The association between obesity and poor outcome after COVID-19 indicates a potential therapeutic role for montelukast

Muhammad Qutayba Almerie a, David Daniel Kerrigan b,
PMCID: PMC7255216  PMID: 32492562

Abstract

It is widely believed that infection with the SARS-CoV-2 virus triggers a disproportionate immune response which causes a devastating systemic injury, particularly in individuals with obesity, itself a chronic, multi-organ inflammatory disease. Immune cells accumulate in visceral adipose tissue and together with paracrine adipocytes release a wide range of biologically active cytokines (including IL-1β, IL5, IL6 and IL8) that can result in both local, pulmonary and systemic inflammation. A more intense ‘cytokine storm’ is postulated as the mechanism behind the extreme immune response seen in severe COVID-19.

It is striking how dangerous the combination of obesity and COVID-19 is, resulting in a greater risk of ICU admission and a higher mortality. Furthermore, patients from a BAME background appear to have increased mortality after SARS-CoV-2 infection; they also have a higher prevalence of central obesity and its metabolic complications.

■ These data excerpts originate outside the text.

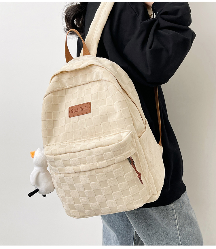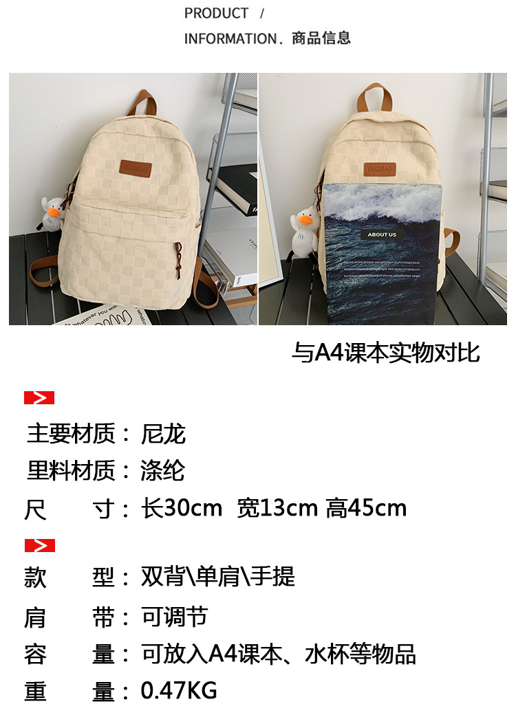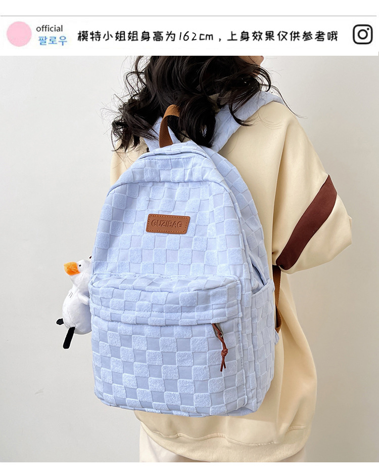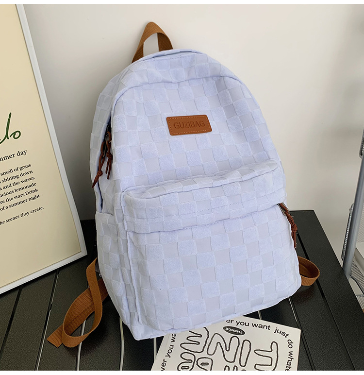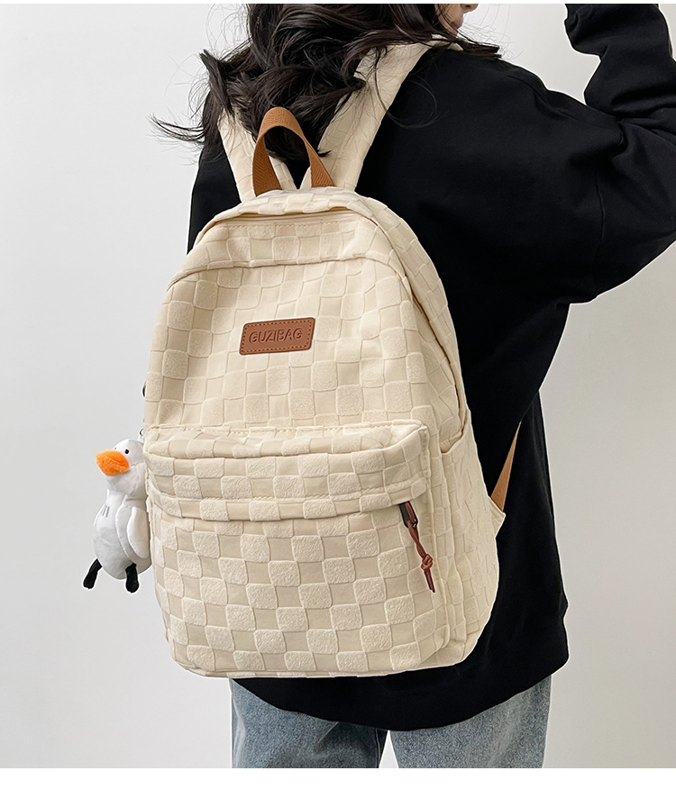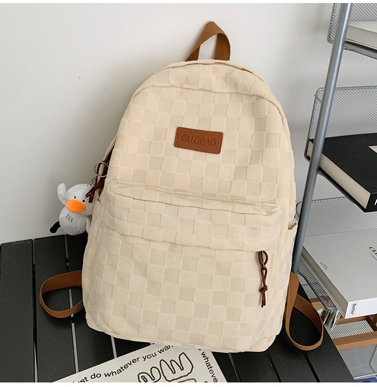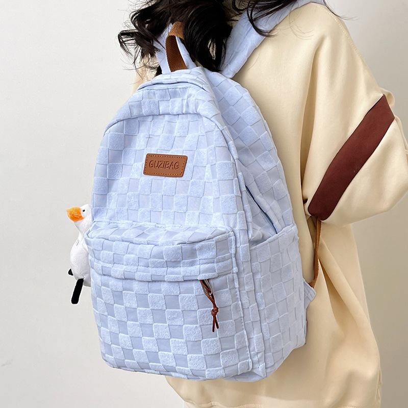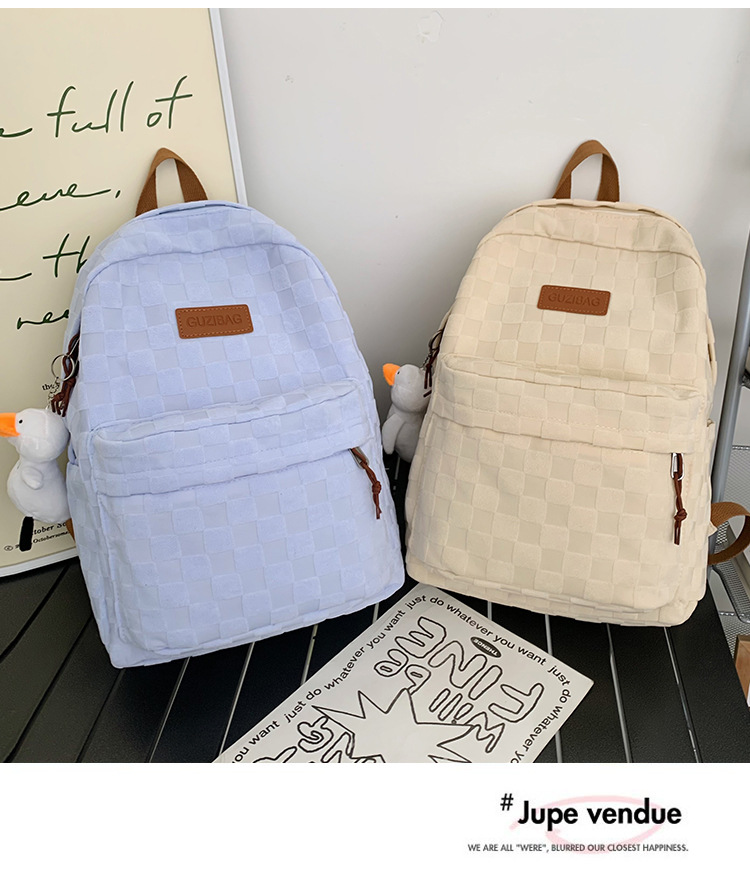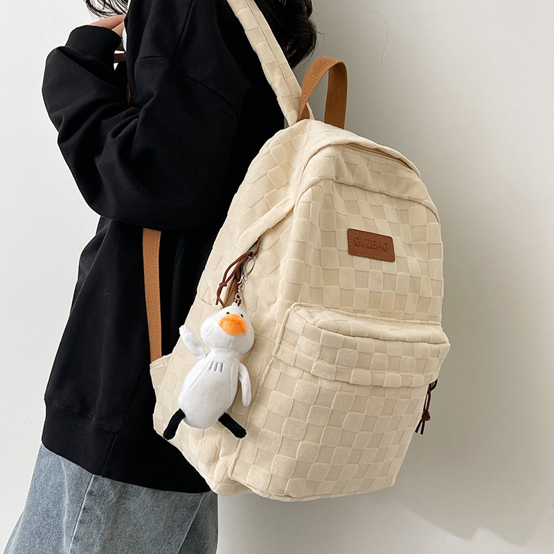 书包女ins新款休闲百搭潮流格子双肩包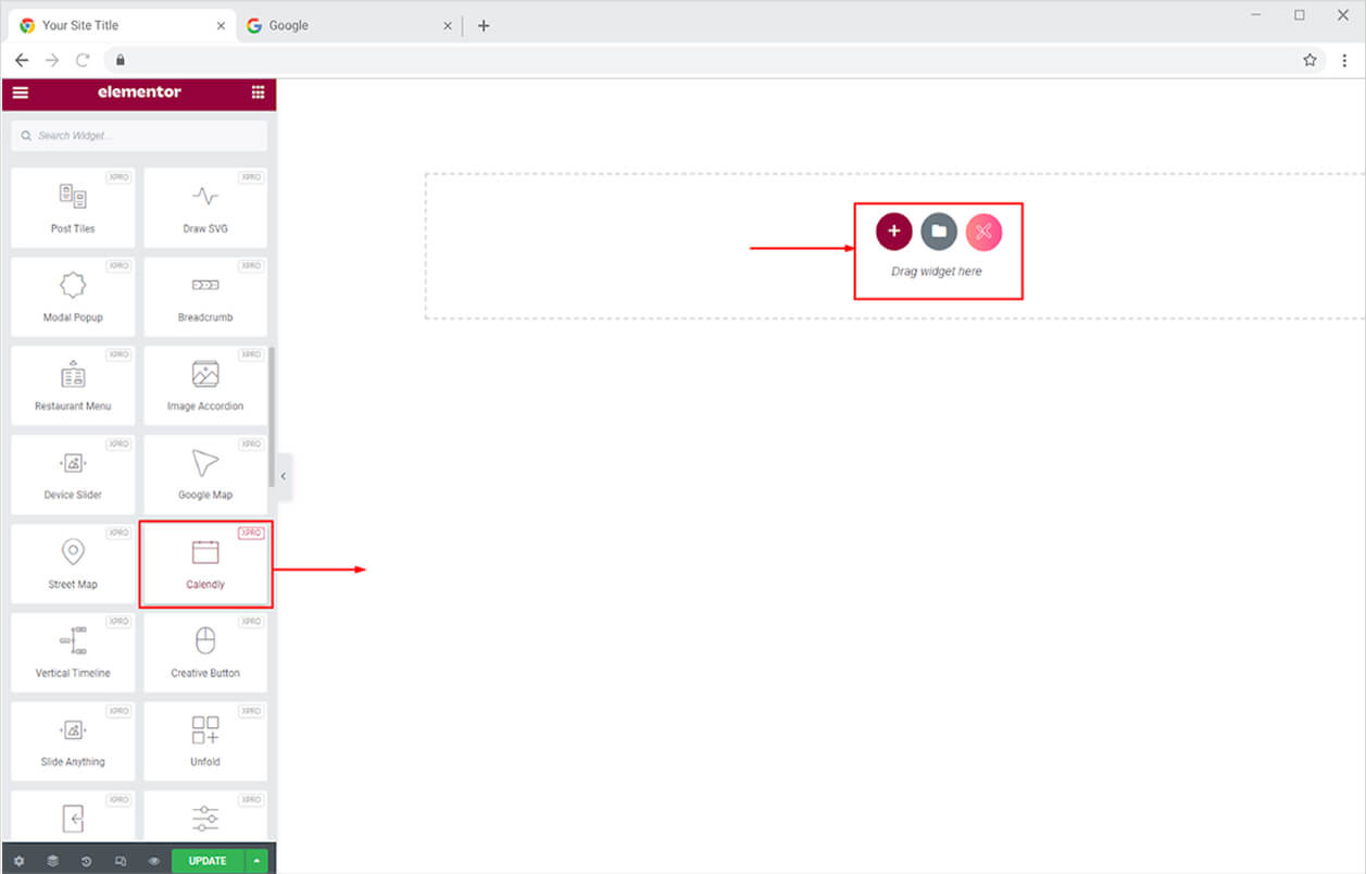From the Xpro Addons – Pro section, find and simply drag’n’drop the Calendly widget on your desired page location.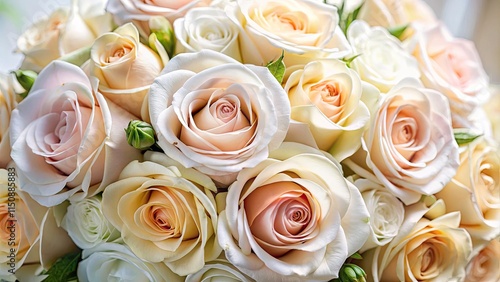 Stunning White & Pink Rose Wedding Bouquet Closeup - Elegant Bridal Flowers Photography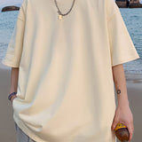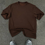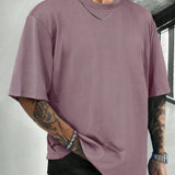 Emrg camisa casual de cuello redondo de manga corta minimalista para hombre, para uso diario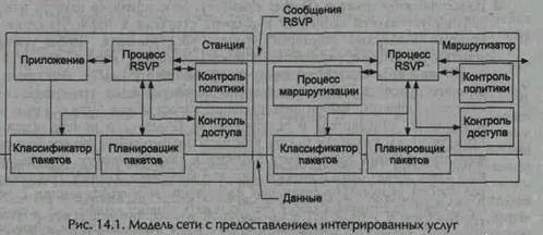 Как показано на рис. 14.1, приложение, которое хочет послать свои пакеты с данными в зарезервированном потоке, обращается к услугам протокола RSVP. Протокол RSVP начнет осуществлять резервирование потока с требуемым QpS, который будет принят, если само приложение удовлетворяет выдвинутым ограничениям, а маршрутизаторы могут обеспечить требуемое QoS. Протокол RSVP уведомляет классификатор пакетов и планировщик пакетов каждого маршрутизатора о необходимости проведения соответствующей обработки пакетов этого потока. Если приложение теперь передаст пакеты данных классификатору пакетов первого маршрутизатора, который присвоил этому потоку определенный сервисный класс, обеспечивающий требуемый QoS, то поток, прежде чем он будет отправлен по своему IP-адресу, будет передан планировщику пакетов. Планировщик пакетов определяет очередность отправки пакетов этого приложения в зависимости от сервисного класса и отправляет их или на следующий маршрутизатор, или на конечную станцию, которая является пунктом назначения. Поскольку протокол RSVP работает как бы в симплексном режиме, то резервирование QoS производится только в одном направлении, а именно, от отправителя до получателя. Если приложение хочет отменить резервирование для своего потока данных, оно посылает сообщение в инстанцию, отвечающую за резервирование, которая освобождает зарезервированные ресурсы на всех маршрутизаторах по пути следования потока. Эти ресурсы теперь могут использоваться для других потоков. Технические требования на IS определены в документе RFC 1633.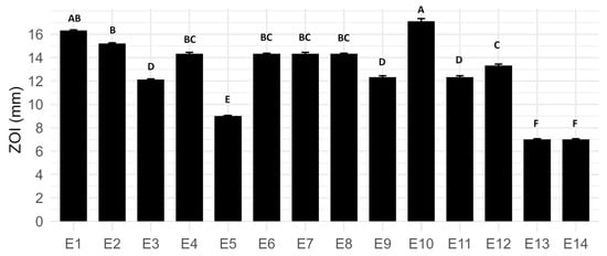Zone of inhibition (ZOI) of E. coli L1PEag1 exposed to different LAB-derived ExAF formulations (E1–E14). Data represent mean (mm) ± standard deviation. Different letters above bars indicate statistically significant differences between treatments (p < 0.05, Tukey test).
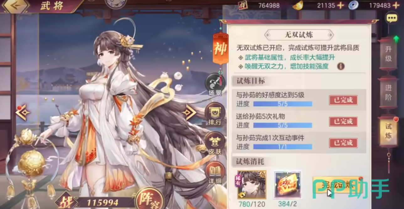 引渡的效果,在受到致命伤害后如果没被击退,就陷入不能转移的“魅惑”状态;后续的觉醒状态效果还会改变。她还有个羁绊,在同时上阵2个,或者更多数量的女性武将时,己方全体的治愈效果提高50%,她最终的抗破甲率,抗暴击率都增强50%。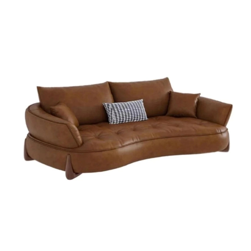 This modern leatheratte sofa fuses sculptural fluidity with ergonomic lounging, offering a soft-edge silhouette that enhances contemporary Indian interiors. The contoured back and deeply padded seats bring a sense of tailored comfort, while the gentle wave-like profile introduces visual flow. Supported by solid wooden legs, its well-balanced frame ensures durability without bulk. Ideal as a centrepiece or part of a coordinated layout, this design elevates everyday living with elegance, comfort, and refined craftsmanship—making it an excellent fit for those seeking understated luxury in a designer couch format.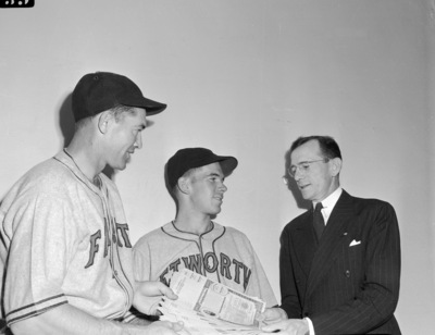 Fort Worth Cats team members buying defense bonds are Manager Bob Linton (left) and Bill Skelley. They are buying bonds from T. E. Graham (right). The Cats' players purchased 17 bonds for the team. Linton and Skelley are looking at Mr. Graham and smiling slightly, as Mr. Graham hands them the stack of bonds. Both men are wearing baseball uniforms that have "Ft. Worth" across the front of the jersey. Mr. Graham is wearing a dark, striped, double-breasted suit and a pair of eyeglasses.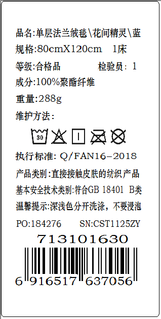 富安娜法兰绒毯花间精灵80*120CM胶袋装 花间精灵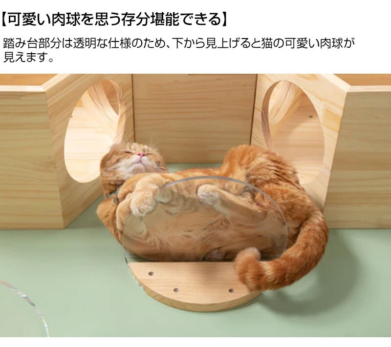 踏み台部分は透明な仕様のため、下から見上げると猫の可愛い肉球が見えます。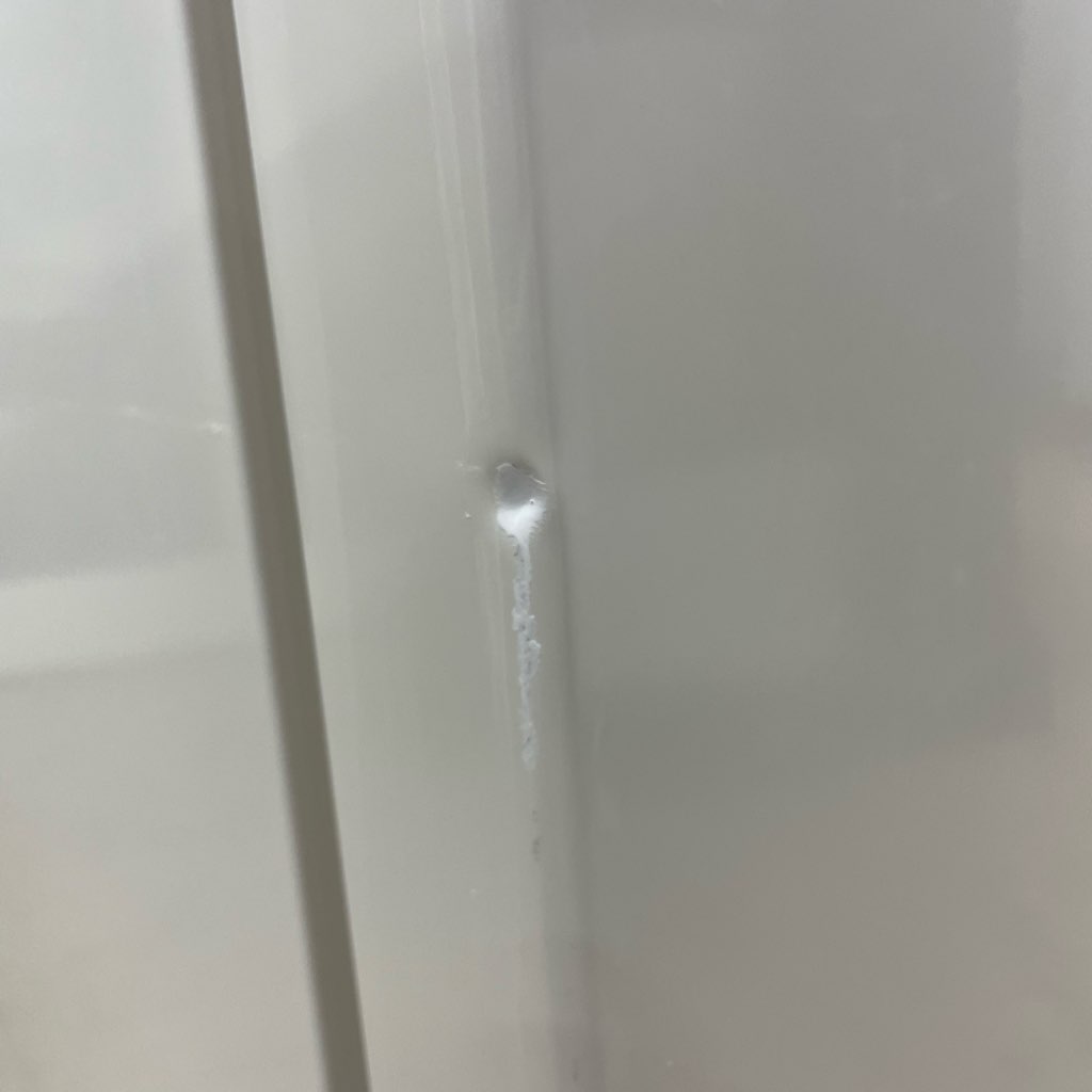 扉角に少しへこみがあります。

In the absence of an effective vaccine, the therapeutic potential of immune-modulating drugs is a priority, but the development of new drugs is expensive and time-consuming. A more pragmatic solution would be to seek to repurpose existing drugs, particularly those that might suppress the heightened cytokine activity seen in obesity, the major risk factor for a poor prognosis in COVID-19.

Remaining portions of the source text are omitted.